→ Description of the task: Take the material below and extract the lines from the one with "GIVENCHY Logo Eyelet" through the one with "รายงานสถานการณ์ COVID-19 แขวงทางหลวงเพชรบูรณ์ที่", word for word, without pictures.

→ Dataset:
Content starts
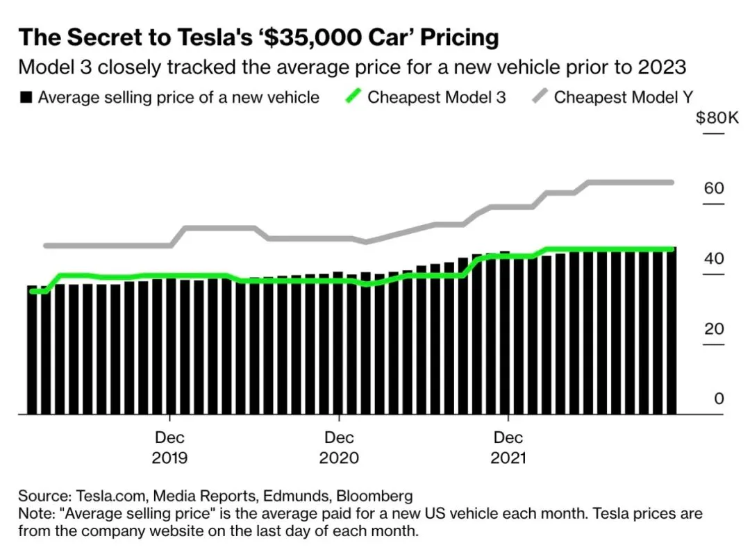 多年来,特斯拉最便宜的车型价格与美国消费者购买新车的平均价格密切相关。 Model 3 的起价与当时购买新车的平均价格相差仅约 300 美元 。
Content ends
Content starts
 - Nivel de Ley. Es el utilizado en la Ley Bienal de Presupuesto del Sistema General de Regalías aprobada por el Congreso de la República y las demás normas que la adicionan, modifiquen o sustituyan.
Content ends
Content starts
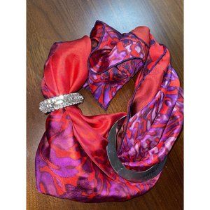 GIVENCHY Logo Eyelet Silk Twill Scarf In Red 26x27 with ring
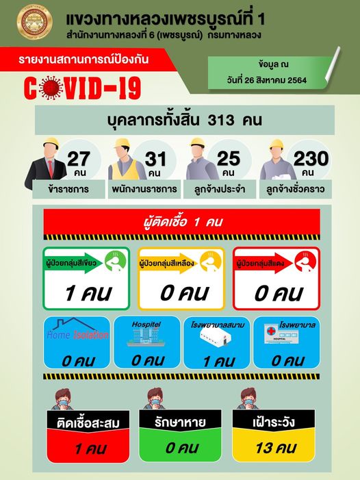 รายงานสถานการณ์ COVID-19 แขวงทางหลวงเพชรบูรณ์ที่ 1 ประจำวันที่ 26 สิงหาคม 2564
Content ends
→ Response to this task:
 GIVENCHY Logo Eyelet Silk Twill Scarf In Red 26x27 with ring
 รายงานสถานการณ์ COVID-19 แขวงทางหลวงเพชรบูรณ์ที่ 1 ประจำวันที่ 26 สิงหาคม 2564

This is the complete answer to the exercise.